B+ trees order a number of items using a key. In this case, the key is the count, and the item is the person's name. The entire B+tree doesn't need to fit into memory - just the current node being searched. You can set the maximum size of the nodes (and indirectly the depth of the tree) so that a node will fit into memory. (In practice nodes are usually far smaller than memory capacity.)
The data items are stored at the leaves of the tree, in so-called blocks. You can either store the items inline in the index, or store pointers to external storage. If the data is regularly sized, this can make for efficient retrieval from files. In the question example, the data items could be single names, but it would be more efficient to store blocks of names, all names in a block having the same count. The names within each block could also be sorted. (The names in the blocks themselves could be organized as a B-tree.)

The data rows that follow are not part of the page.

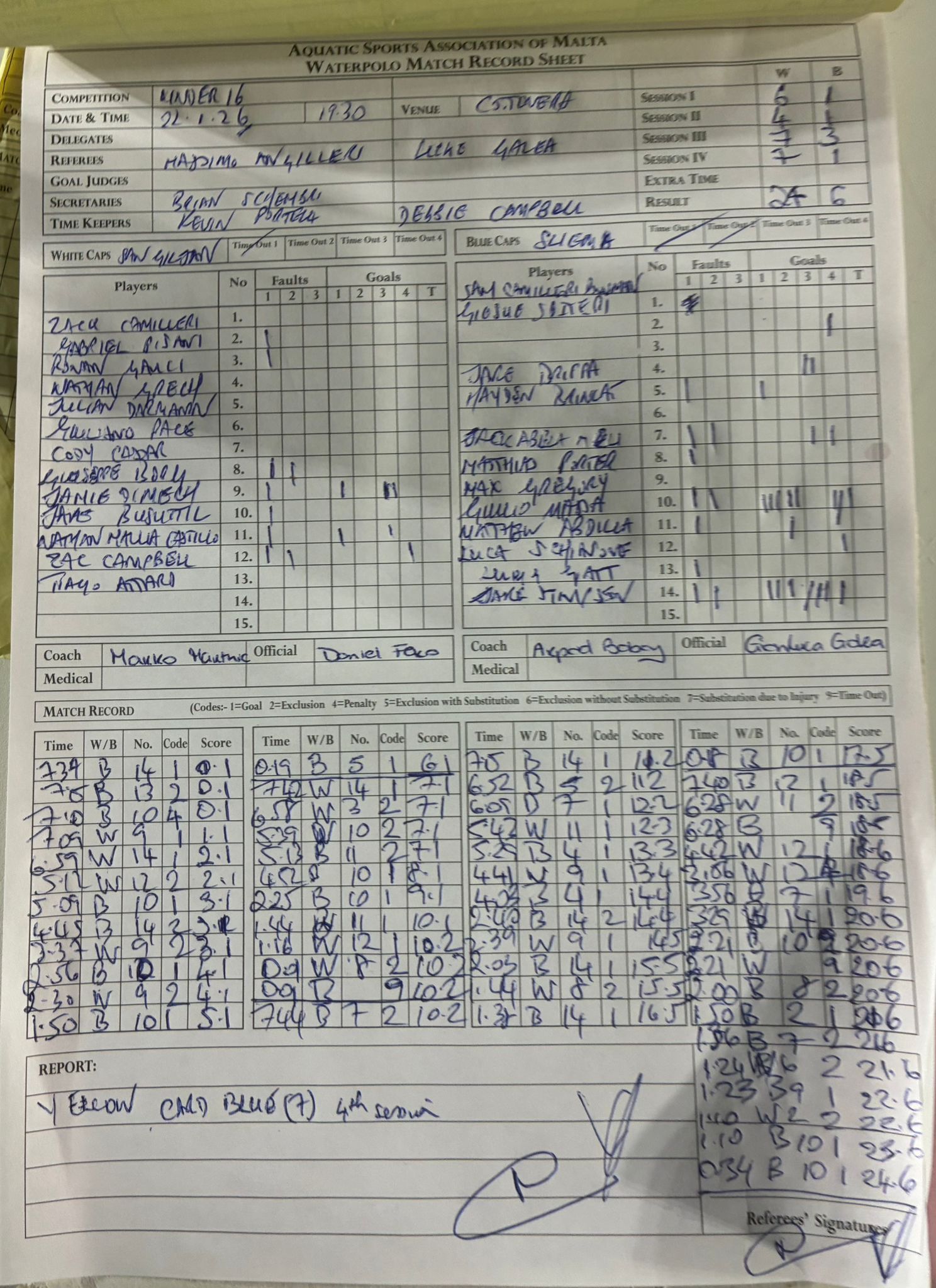 | January 22, 2026 | 7:30 pm | U16 Water Polo Age Group | 2026 |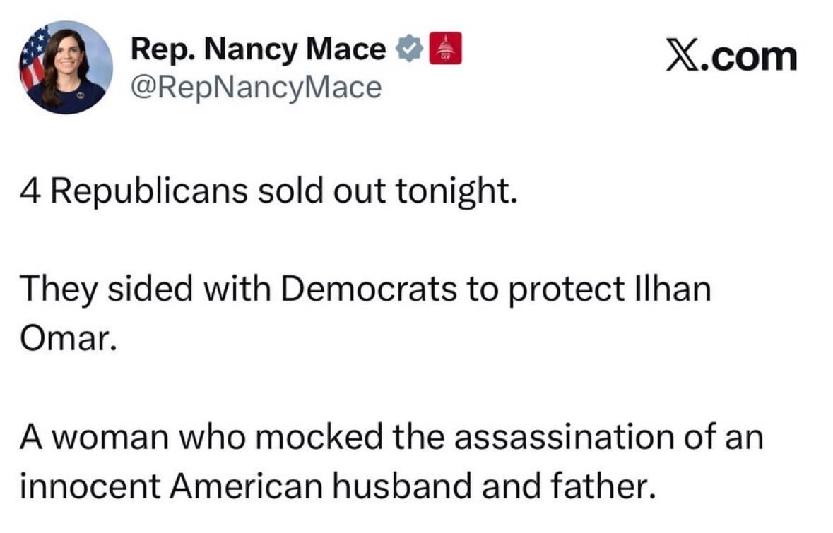 Omar also reposted a video calling Charlie Kirk a “stochastic terrorist” and a “reprehensible human being,” doubling down on her attacks while his family was still planning his memorial. Our resolution would have: - Formally censured Rep. Ilhan Omar before the full House of Representatives.
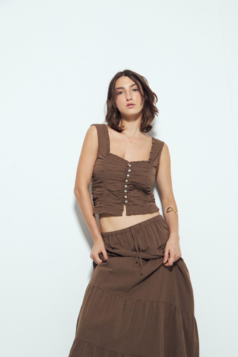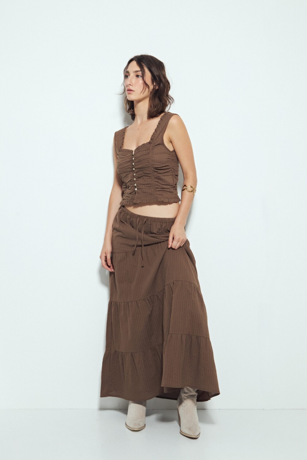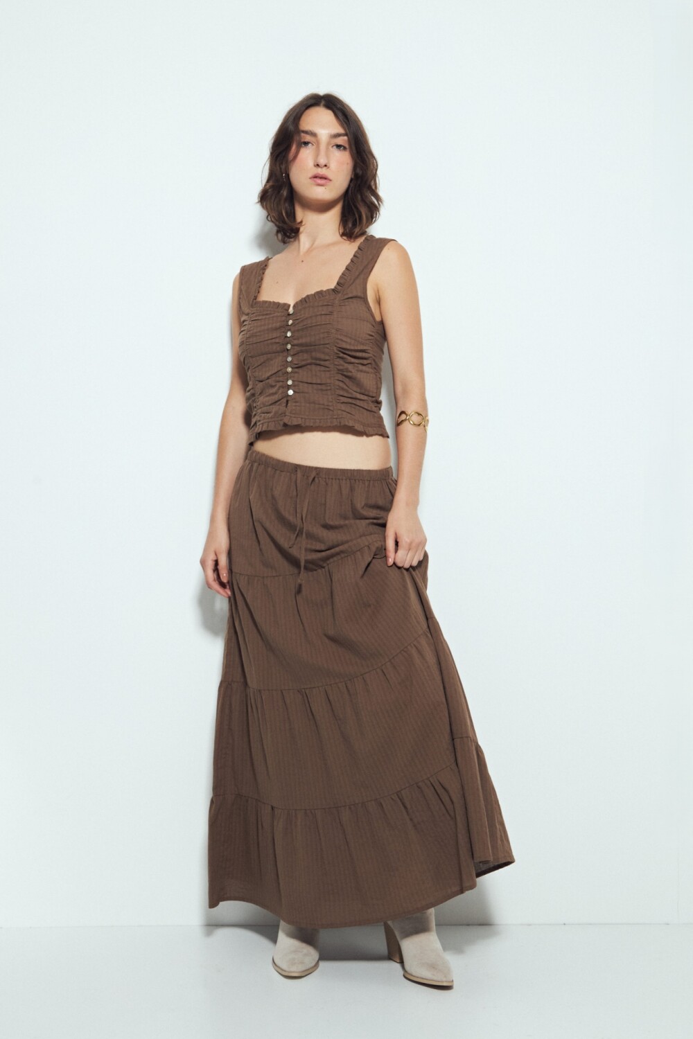 Diseño de silueta fluida y largo maxi que aporta movimiento y un look relajado con impronta boho. Presenta cintura elástica con ajuste cómodo y estructura en paños que suma volumen y caída natural, logrando una prenda versátil para distintos estilismos. Ideal para combinar con tops o blusas livianas, es una pieza en tendencia que acompaña el ritmo del día a día con estilo. Clave para elevar cualquier look sin perder comodidad.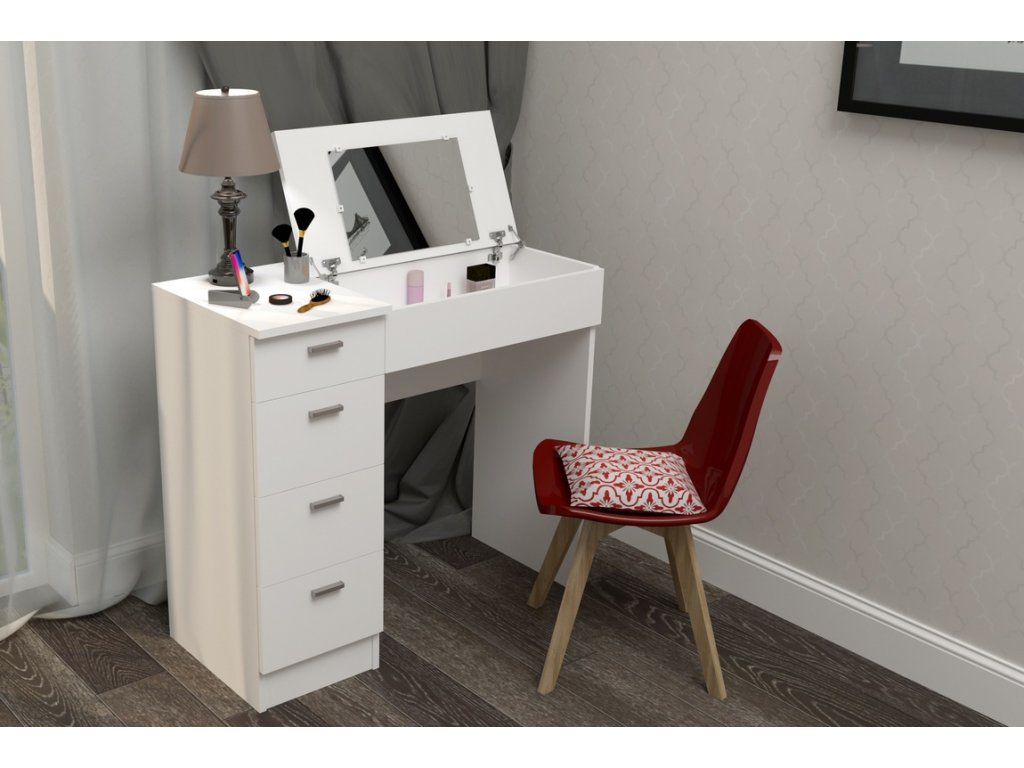 GLAMOR je netypický stolík s viacnásobným využitím. V základnej polohe ho viete využiť ako klasický písací stôl. Po otvorení výklopnej dosky so zrkadlom z neho máte za pár sekúnd praktický toaletný stolík. Oceníte aj viac šuplíkov, vhodných na odloženie rôznych predmetov - či už kozmetického alebo iného charakteru. LTD dosky, ktorá nie je náročná na údržbu. Farebné prevedenie: biela. Úchyty sú plastové, vo farebnom prevedení matný chróm.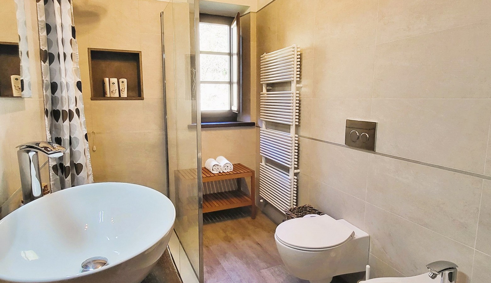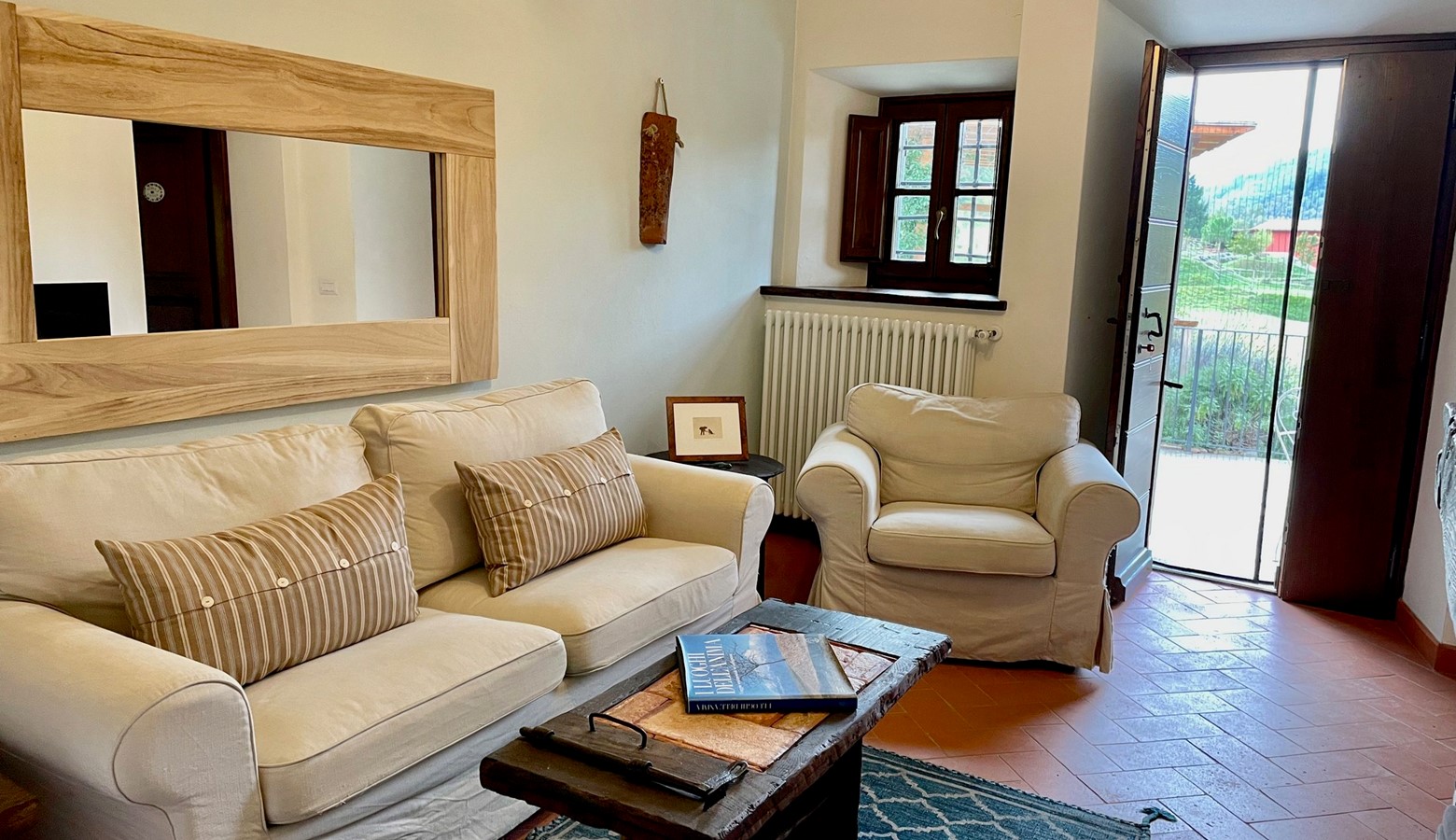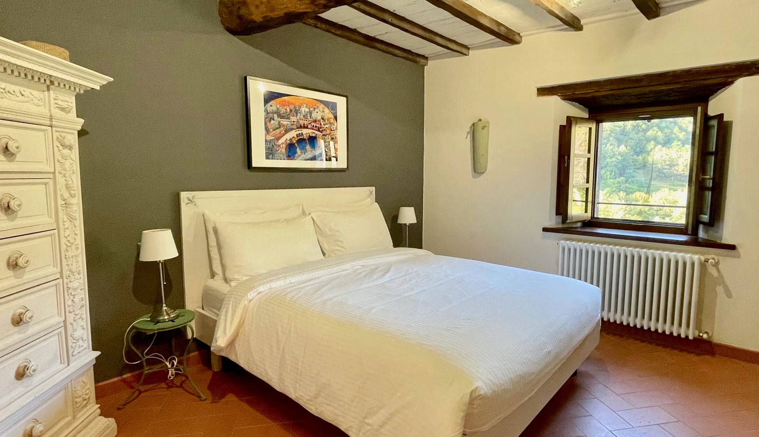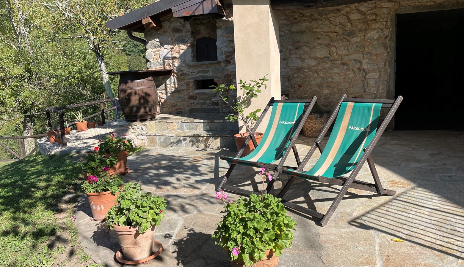 Situated in large grounds, with private access to the river/stream this idyllic location is peaceful and unique. There is a bar/pizzeria just a 1km walk away (downhill), and the train station is 1km away too (although not all trains stop there). The medieval village of Ceserana and its hamlet La Villa are just a 10/15 minute walk away (no facilities, but a lovely walk).
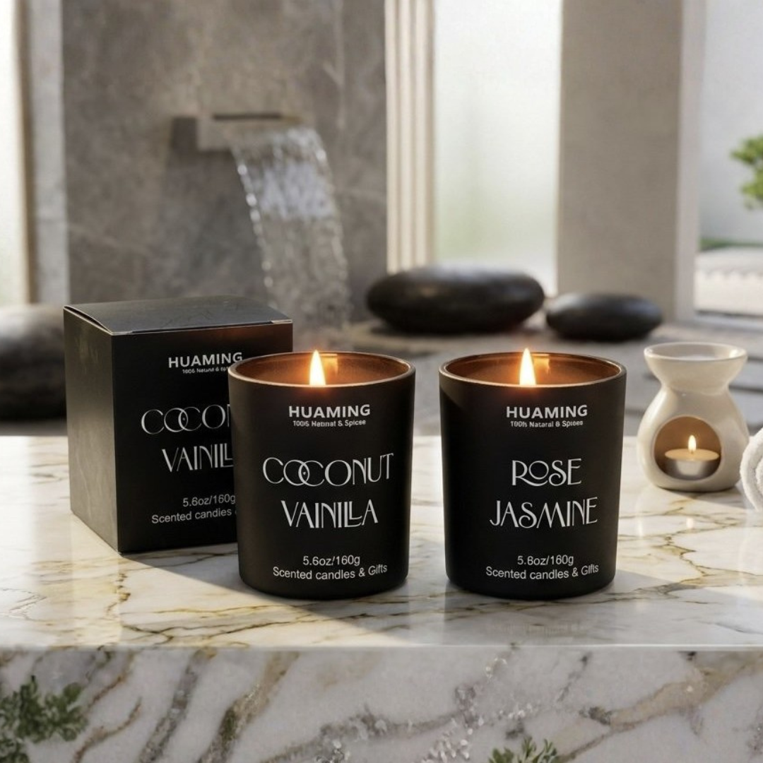 Las velas Huaming están elaboradas con ceras de alta calidad que aseguran una quemado parejo y una difusión constante de la fragancia en el ambiente. Su elegante presentación las convierte en un objeto de decoración clave para livings, dormitorios o baños. Contienen 160grs.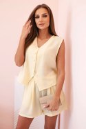 Komplet damski wiskozowy kamizelka na guziki i szorty żółty melanż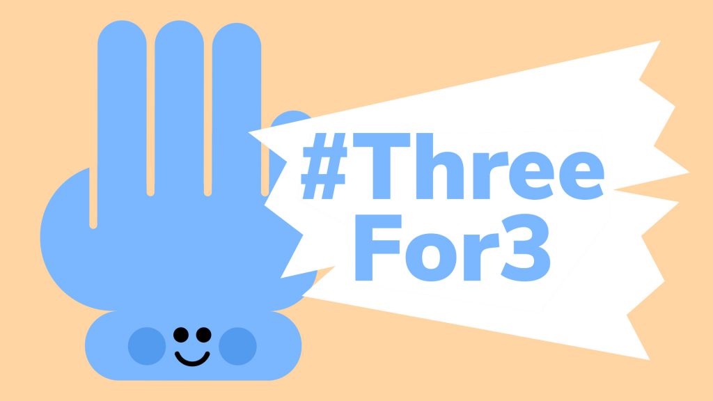 That’s why, we’re asking young people to share Three for 3. Write (or draw) three things you’re doing to look after your mental wellbeing during this challenging time and share these ideas with three other people.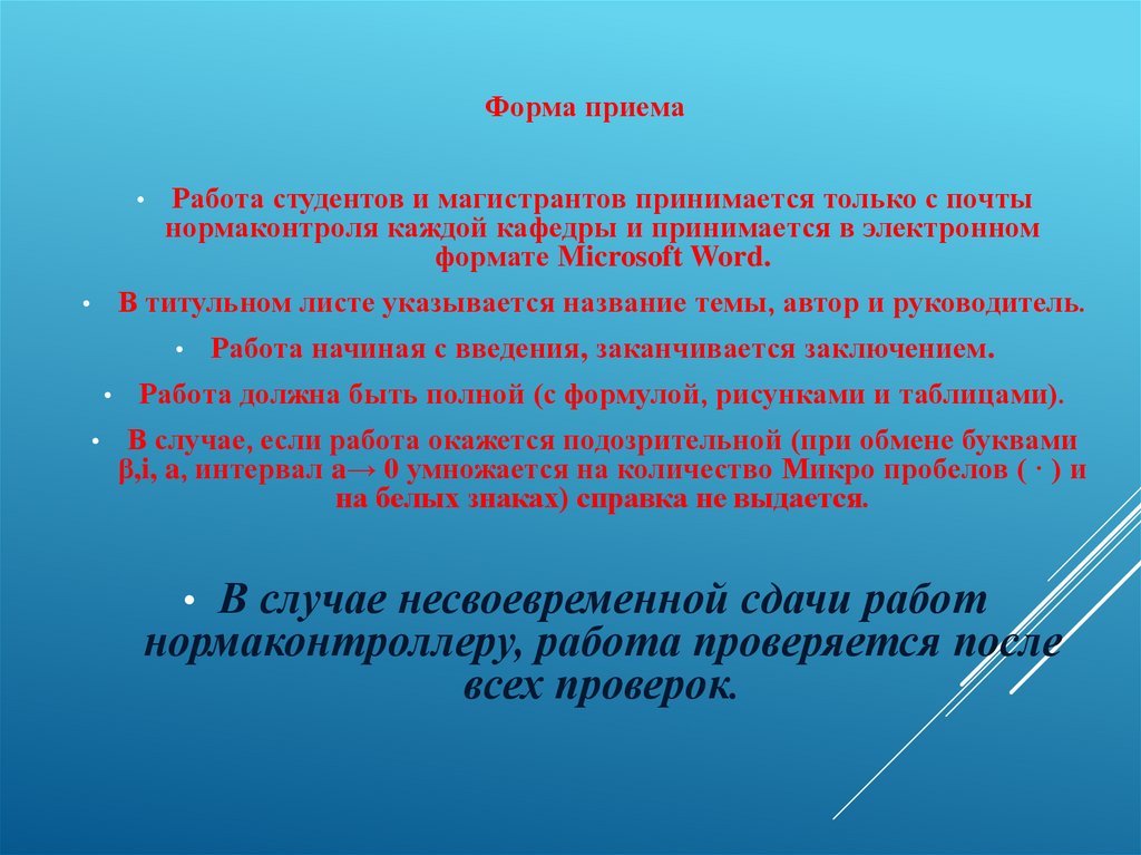Форма приемаРабота студентов и магистрантов принимается только с почты

If the number of names becomes large enough that the B+tree blocks are becoming ecessively large, the key can be made into a composite key, e.g. (count, first-letter). When searching the tree, only the count needs to be compared to find all names with that count. When inserting, or searcing for a specific name with a given count, then the full key can be compared to include filtering by name prefix.
Alternatively, instead of a composite key, the data items can point to offsets/blocks in an external file that contains the blocks of names, which will keep the B+tree itself small.
If the blocks of the btree are linked together, range queries can be efficiently implemented by searching for the start of the range, and then following block pointers to the next block until the end of the range is reached. This would allow you to efficiently implement "find all names with a count between 10 and 20".
As the other answers have noted, an RDBMS is the pre-packaged way of storing lists that don't fit into memory, but I hope this gives an insight into the structures used to solve the problem.